Problem statement — A word-for-word copy of the listing, free of images, is the expected answer.

Input data —
.....
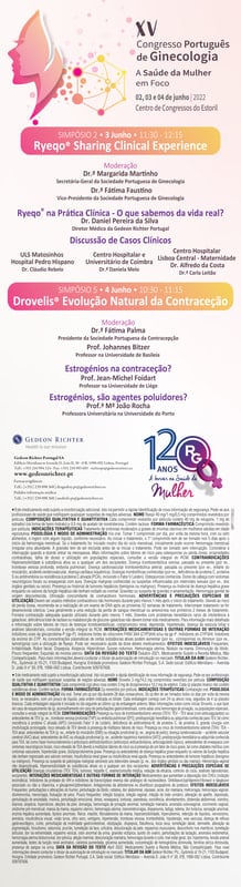 O segundo simpósio designado por Drovelis® Evolução Natural da Contraceção, marcado para o dia 4 de junho, das 10:30 às 11:15, terá a moderação de Fátima Palma, Presidente da Sociedade Portuguesa da Contracepção e por Johannes Bitzer, Professor na Universidade de Basileia. Neste simpósio falar-se-á sobre “Estrogénios na contraceção?”, com o contributo de Jean-Michel Foidart, Professor na Universidade de Liége, e sobre “Estrogénios, são agentes poluidores?”, com o testemunho de Mª João Rocha, Professora Universitária na Universidade do Porto.
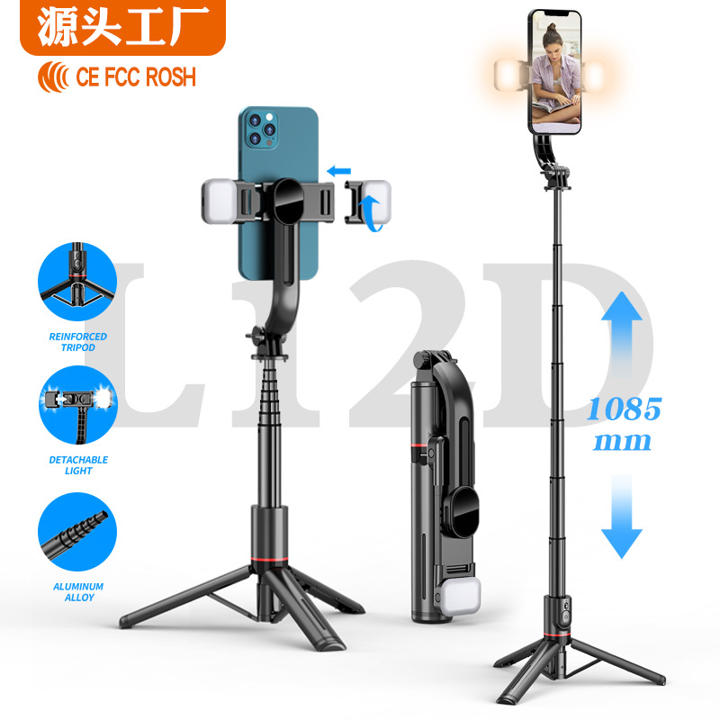 L12蓝牙自拍杆批发一体式手机支架桌面三脚架直播补光灯手机架夹
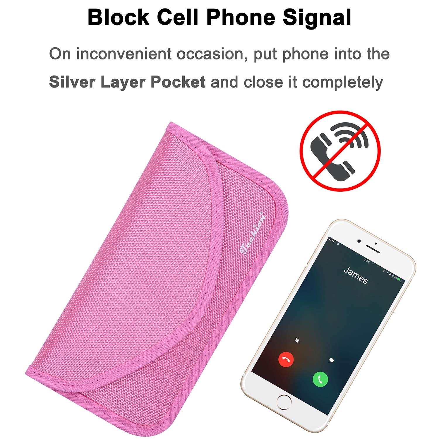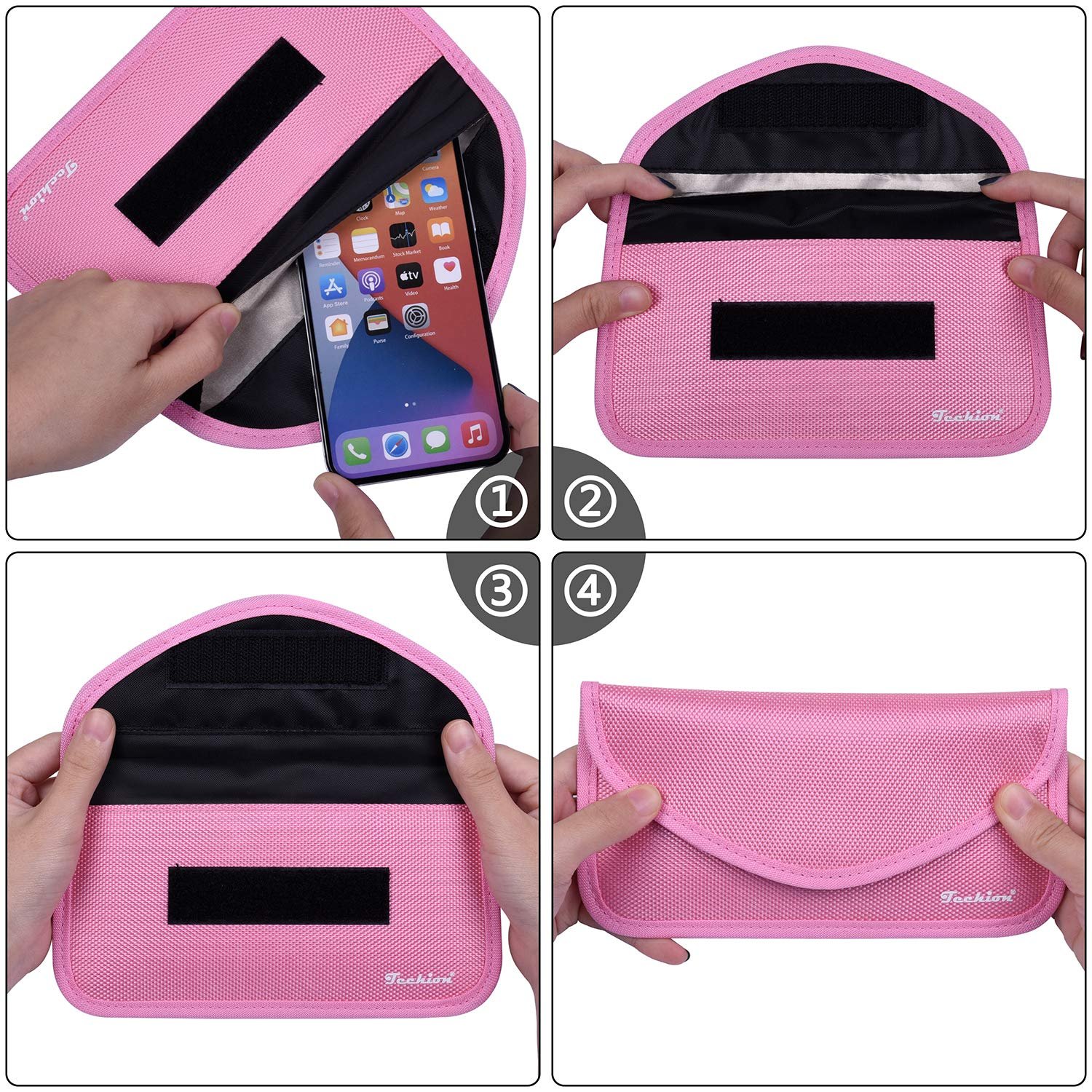 Signal Blocking Bag, Techion RFID Faraday Bag Shield Pouch Wallet Case for Cell Phone and Car Key FOB, Privacy Protection, Anti-Hacking – Pink
.....
Task response —
 O segundo simpósio designado por Drovelis® Evolução Natural da Contraceção, marcado para o dia 4 de junho, das 10:30 às 11:15, terá a moderação de Fátima Palma, Presidente da Sociedade Portuguesa da Contracepção e por Johannes Bitzer, Professor na Universidade de Basileia. Neste simpósio falar-se-á sobre “Estrogénios na contraceção?”, com o contributo de Jean-Michel Foidart, Professor na Universidade de Liége, e sobre “Estrogénios, são agentes poluidores?”, com o testemunho de Mª João Rocha, Professora Universitária na Universidade do Porto.
 L12蓝牙自拍杆批发一体式手机支架桌面三脚架直播补光灯手机架夹
 Signal Blocking Bag, Techion RFID Faraday Bag Shield Pouch Wallet Case for Cell Phone and Car Key FOB, Privacy Protection, Anti-Hacking – Pink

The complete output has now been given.